For example, here we save the karate-club to GraphML and used yEd to layout things together with a centrality resizing of the nodes.
G=nx.karate_club_graph()
nx.write_graphml(G, "./karate.graphml")
For Gephi you can use the GML format:
nx.write_gml(G, "./karate.gml")
Get and set data
In the context of machine learning and real-world data graphs it’s important that nodes and edges carry data. The way it works in NetworkX can be a bit tricky, so let’s make it clear here how it functions.
Node get/set goes like this:
G = nx.Graph()
G.add_node(12, payload = {'id': 44, 'name': 'Swa' })
print(G.nodes[12]['payload'])
print(G.nodes[12]['payload']['name'])
{'id': 44, 'name': 'Swa'}
Swa
One can also set the data after the node is added:
G = nx.Graph()
G.add_node(12)
nx.set_node_attributes(G, {12:{'payload':{'id': 44, 'name': 'Swa' }}})

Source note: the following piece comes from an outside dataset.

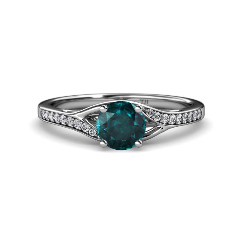 This Facinating Engagement Ring has 4 Prong Set Round Center London Blue Topaz with crossover undergallery and single row graduated Pave Set Diamonds bypass shank making it a wonderful addition to your Jewelry Collection.

print(G.nodes[12]['payload'])
print(G.nodes[12]['payload']['name'])
{'id': 44, 'name': 'Swa'}
Swa
Edge get/set is like so:
G = nx.Graph()
G.add_edge(12,15, payload={'label': 'stuff'})

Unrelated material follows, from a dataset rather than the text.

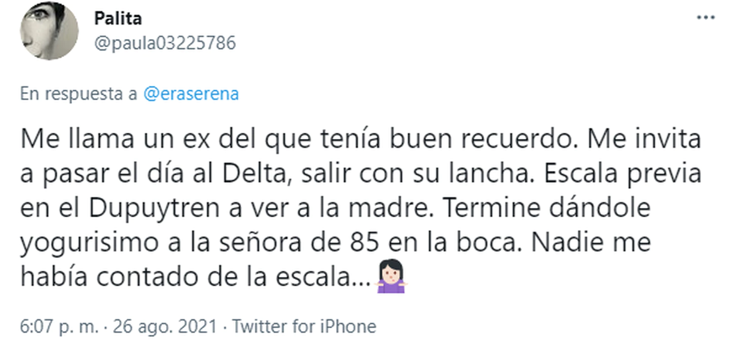 Otra escena de no creer, aunque al mismo tiempo algo tierna, fue la que le tocó vivir a la usuaria @paula03225786: “Me llama un ex del que tenía buen recuerdo. Me invita a pasar el día al Delta, salir con su lancha. Escala previa en el Dupuytren a ver a la madre. Termine dándole yogurisimo a la señora de 85 en la boca. Nadie me había contado de la escala…”.

print(G.get_edge_data(12,15))
print(G.get_edge_data(12,15)['payload']['label'])
{'payload': {'label': 'stuff'}}
stuff
One can also set the data after the edge is added:
G = nx.Graph()
G.add_edge(12,15)
nx.set_edge_attributes(G, {(12,15): {'payload':{'label': 'stuff'}}})
print(G.get_edge_data(12,15))
print(G.get_edge_data(12,15)['payload']['label'])
{'payload': {'label': 'stuff'}}
stuff
Pandas
The library has support for import/export from/to Pandas dataframes. This exchange, however, applies to edges and not to nodes. The row of a frame are used to define an edge and if you want to use a frame for nodes or both, you are on your own. It’s not difficult though, let’s take a graph and turn it into a frame.
g = nx.barabasi_albert_graph(50, 5)
# set a weight on the edges
for e in g.edges:
nx.set_edge_attributes(g, {e: {'weight':faker.random.random()}})
for n in g.nodes:
nx.set_node_attributes(g, {n: {"feature": {"firstName": faker.first_name(), "lastName": faker.last_name()}}})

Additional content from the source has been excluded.